Canını dişine takarak, bütün zorluklara rağmen bir can kurtarmaya çalışan AKUT, UMKE, Sağlık teşkilatının bütün görevlileri, itfaiyecilerimiz, askeri ve sivil bütün personel, enkaz kaldırmada, yaraları sarmada, iaşe ve ibate hizmetlerini hakkıyla yerine getirenlere kısaca emeği geçen herkese minnet duygularımızı iletelim öncelikle.
Bir canın kurtarılması bu kadar değerliyken, aynı canın kaybedilmesi de bir o kadar üzücüdür.
Allahın adalet terazisi kıldan ince, kılıçtan keskindir diye ifade edilir. Ayet-i kerimede geçen zerre miskali hayır ve şer tam da budur.
İnsanların hayatını karartan binaları, uygun şartlara göre yapmayan müteahhit, imza atan sorumlu, onaylayan yetkili, denetim yapmayan görevli, göz yuman sistem ve bu sistemi oluşturan paydaşlar, olan bitenden sorumludur. Bunu kim diyor, Kuran-ı azimüşşan diyor.
Bazı kesimler, bu genellemeyi sadece içki üzerinde dillendiriyor, hani içen, taşıyan, üreten, satan vs gibi.
Halbuki, Bu örneklemeyi, maddi manevi haksızlıkların yaşandığı bütün sektörlere yaymalısınız.
Siz, kızınızı öpmeden uyumuyorsanız, başka kız babalarının da en doğal bu hakkı elinden almışsanız ve yüce adalet buna kayıtsız kalacaksa, yüce kitap ve yaratıcı kendini yalanlamış olmaz mı?
Haşa, böyle bir şey mümkün değil, o halde vatandaşlık hakkını kullanmaktan başlayarak bu evrelerde dahli ve emeği olan herkes, büyük hesap gününde buna benzer konulardaki, zerre miskali hayır ve şerlerin sorulacağı hesaba hazırlansın.
Toplumda yaşanan bir olumsuzluktan etkilenen kişilerin haklarını korumak zorunda olan Rabbimiz, bizim karşımızda kendini mahcup duruma düşürmeyeceğinden yatacak yerimiz yok . cümlesindeki genellemenin ne manaya geldiğini düşünmeye azıcık zaman ayırmamız gerek.

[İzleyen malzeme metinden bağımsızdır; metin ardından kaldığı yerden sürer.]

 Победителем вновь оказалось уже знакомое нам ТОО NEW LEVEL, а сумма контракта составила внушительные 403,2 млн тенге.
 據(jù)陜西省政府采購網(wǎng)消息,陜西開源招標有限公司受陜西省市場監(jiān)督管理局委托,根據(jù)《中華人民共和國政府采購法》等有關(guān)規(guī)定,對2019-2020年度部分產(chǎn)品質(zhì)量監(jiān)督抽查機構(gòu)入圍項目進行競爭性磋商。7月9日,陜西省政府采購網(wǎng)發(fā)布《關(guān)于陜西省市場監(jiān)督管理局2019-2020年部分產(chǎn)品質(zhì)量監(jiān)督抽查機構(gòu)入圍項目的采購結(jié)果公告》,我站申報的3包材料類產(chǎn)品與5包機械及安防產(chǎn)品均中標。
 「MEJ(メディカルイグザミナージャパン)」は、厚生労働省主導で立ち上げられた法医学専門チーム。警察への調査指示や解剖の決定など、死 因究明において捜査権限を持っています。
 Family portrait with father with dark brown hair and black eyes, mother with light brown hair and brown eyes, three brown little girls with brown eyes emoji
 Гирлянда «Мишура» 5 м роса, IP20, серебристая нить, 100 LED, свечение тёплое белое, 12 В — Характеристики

Herkesin aklı var ve bulunduğu ortamı kendi menfaatine olabilecek şekle sokmaya, herkesin yeteneği var ama namuslu ve dürüst insanlar, bunu elinin tersiyle itip helal kazancıyla mütevazı yaşamı yeğliyorlar. Yazlıkları, kışlıkları, villaları, lüks cipleri, çocuklarının Avrupa eğitimleri, seyahatleri, bankalarda çok sıfırlı emre amade mevduatları ve bununla ilintili olarak makamları olmuyor ama toplum vicdanında onurlu duruşları ve lekesiz isimleri oluyor.
Tarihe mal olmuş bu özellikli insanlara gıpta ile bakılmasının ana sebebi budur ve namuslu olmak, ona göre yaşamak çok zor bir sanattır.